BEGIN RECORDS TO USE
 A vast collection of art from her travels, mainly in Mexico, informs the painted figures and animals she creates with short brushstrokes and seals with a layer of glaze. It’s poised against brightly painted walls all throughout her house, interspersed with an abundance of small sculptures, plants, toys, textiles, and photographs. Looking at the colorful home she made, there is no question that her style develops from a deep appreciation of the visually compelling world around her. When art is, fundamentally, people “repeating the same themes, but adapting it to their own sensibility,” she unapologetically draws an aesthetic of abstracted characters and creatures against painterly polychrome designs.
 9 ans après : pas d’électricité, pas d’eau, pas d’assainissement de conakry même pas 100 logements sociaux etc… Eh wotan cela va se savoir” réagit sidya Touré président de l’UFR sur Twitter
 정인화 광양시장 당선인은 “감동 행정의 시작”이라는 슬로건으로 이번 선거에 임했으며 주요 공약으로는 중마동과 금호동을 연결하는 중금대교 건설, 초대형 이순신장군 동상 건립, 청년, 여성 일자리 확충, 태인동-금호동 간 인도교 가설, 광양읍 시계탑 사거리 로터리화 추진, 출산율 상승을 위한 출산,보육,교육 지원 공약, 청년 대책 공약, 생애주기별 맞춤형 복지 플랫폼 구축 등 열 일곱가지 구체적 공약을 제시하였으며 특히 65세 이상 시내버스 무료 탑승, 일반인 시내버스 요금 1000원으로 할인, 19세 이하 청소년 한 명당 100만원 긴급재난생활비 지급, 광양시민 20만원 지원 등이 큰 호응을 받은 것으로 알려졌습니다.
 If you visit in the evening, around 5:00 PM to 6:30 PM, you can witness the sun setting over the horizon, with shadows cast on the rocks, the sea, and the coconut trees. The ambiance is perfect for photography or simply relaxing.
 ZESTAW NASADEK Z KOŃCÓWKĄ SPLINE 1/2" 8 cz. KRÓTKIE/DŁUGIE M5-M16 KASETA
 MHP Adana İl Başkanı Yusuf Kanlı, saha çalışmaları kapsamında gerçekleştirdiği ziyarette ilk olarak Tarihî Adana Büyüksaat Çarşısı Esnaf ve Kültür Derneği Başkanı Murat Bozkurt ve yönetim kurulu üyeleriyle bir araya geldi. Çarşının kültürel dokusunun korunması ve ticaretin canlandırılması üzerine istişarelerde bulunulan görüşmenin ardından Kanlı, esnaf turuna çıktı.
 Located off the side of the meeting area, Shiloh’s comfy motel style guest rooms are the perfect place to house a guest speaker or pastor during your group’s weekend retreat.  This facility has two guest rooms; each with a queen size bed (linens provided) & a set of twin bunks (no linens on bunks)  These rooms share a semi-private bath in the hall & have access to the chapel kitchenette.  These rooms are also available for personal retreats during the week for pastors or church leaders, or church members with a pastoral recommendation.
END RECORDS TO USE
BEGIN RECORDS TO USE
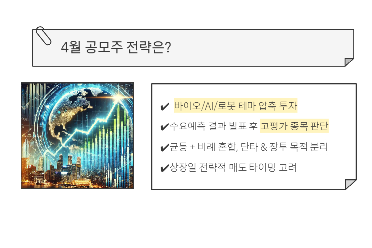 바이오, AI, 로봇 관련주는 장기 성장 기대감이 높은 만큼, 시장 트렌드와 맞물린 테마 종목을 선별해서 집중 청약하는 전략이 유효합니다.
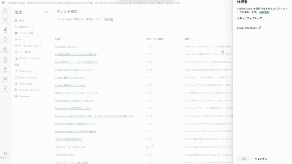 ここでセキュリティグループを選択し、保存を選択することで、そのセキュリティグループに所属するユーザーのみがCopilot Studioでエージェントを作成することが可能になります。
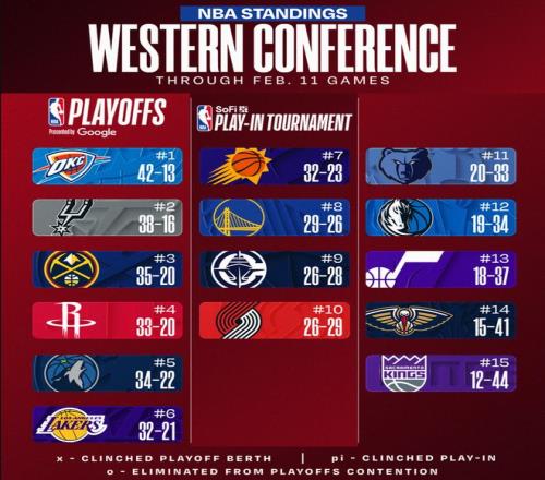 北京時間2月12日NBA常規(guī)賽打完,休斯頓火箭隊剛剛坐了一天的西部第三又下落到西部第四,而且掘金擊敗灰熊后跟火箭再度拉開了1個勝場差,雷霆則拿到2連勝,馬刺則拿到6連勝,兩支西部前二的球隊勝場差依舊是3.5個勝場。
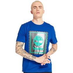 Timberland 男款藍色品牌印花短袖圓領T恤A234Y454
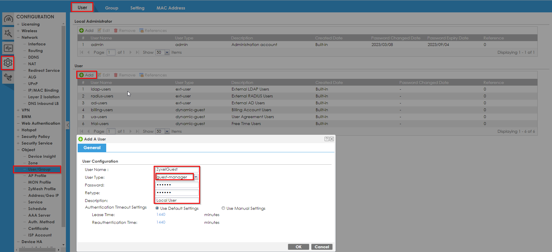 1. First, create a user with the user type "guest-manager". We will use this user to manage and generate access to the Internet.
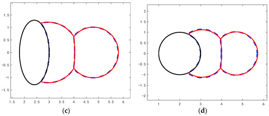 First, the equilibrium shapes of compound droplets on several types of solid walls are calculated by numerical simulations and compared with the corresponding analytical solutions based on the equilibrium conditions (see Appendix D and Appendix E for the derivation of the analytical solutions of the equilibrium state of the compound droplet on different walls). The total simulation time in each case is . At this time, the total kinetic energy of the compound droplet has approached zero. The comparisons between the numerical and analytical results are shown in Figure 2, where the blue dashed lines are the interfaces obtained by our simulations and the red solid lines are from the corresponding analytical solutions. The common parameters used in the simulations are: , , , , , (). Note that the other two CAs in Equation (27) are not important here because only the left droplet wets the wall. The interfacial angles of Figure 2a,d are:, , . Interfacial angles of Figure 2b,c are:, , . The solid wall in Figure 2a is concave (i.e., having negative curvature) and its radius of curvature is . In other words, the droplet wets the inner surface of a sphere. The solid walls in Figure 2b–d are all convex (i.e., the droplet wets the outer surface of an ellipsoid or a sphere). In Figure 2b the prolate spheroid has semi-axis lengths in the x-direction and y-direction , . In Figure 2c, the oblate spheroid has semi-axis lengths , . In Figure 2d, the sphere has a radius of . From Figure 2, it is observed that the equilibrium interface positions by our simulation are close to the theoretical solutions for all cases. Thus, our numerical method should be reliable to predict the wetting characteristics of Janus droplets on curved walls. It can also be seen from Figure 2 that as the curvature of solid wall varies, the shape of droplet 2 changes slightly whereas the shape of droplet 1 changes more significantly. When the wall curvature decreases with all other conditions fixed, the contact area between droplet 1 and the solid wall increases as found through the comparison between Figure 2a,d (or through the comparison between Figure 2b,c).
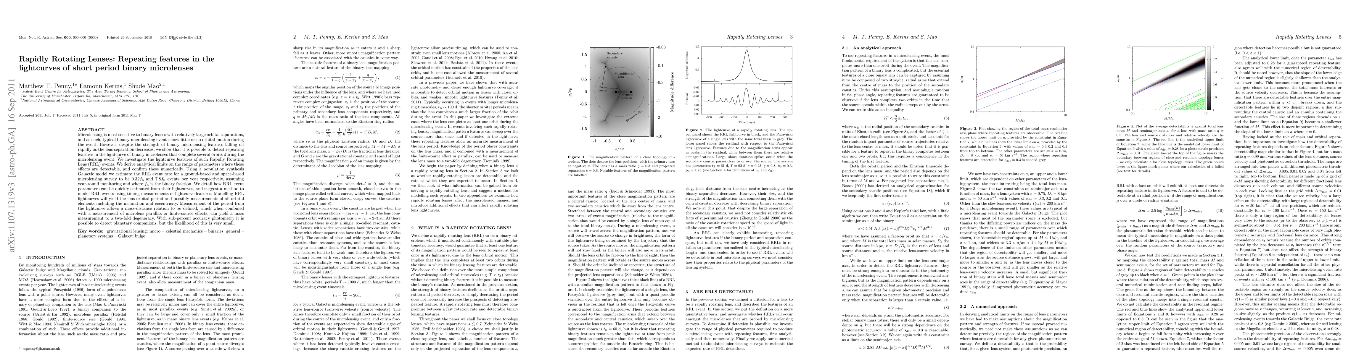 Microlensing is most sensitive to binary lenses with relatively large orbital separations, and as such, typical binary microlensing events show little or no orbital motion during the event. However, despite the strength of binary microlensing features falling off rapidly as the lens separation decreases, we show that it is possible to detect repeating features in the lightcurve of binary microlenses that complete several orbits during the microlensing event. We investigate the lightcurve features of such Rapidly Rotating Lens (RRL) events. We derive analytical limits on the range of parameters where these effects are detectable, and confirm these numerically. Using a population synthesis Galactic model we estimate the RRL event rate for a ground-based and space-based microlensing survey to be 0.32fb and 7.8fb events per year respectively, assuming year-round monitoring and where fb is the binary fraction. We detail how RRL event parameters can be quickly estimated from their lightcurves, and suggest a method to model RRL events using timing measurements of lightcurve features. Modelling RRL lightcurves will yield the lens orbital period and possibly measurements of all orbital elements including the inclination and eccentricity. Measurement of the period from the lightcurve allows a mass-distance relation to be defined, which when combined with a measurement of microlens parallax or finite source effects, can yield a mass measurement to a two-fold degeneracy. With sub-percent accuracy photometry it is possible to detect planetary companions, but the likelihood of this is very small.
END RECORDS TO USE
● EXERCISE REQUIREMENTS: Scan the lines above for "style", then copy every one that has it.

● RESULT:
 A vast collection of art from her travels, mainly in Mexico, informs the painted figures and animals she creates with short brushstrokes and seals with a layer of glaze. It’s poised against brightly painted walls all throughout her house, interspersed with an abundance of small sculptures, plants, toys, textiles, and photographs. Looking at the colorful home she made, there is no question that her style develops from a deep appreciation of the visually compelling world around her. When art is, fundamentally, people “repeating the same themes, but adapting it to their own sensibility,” she unapologetically draws an aesthetic of abstracted characters and creatures against painterly polychrome designs.
 Located off the side of the meeting area, Shiloh’s comfy motel style guest rooms are the perfect place to house a guest speaker or pastor during your group’s weekend retreat.  This facility has two guest rooms; each with a queen size bed (linens provided) & a set of twin bunks (no linens on bunks)  These rooms share a semi-private bath in the hall & have access to the chapel kitchenette.  These rooms are also available for personal retreats during the week for pastors or church leaders, or church members with a pastoral recommendation.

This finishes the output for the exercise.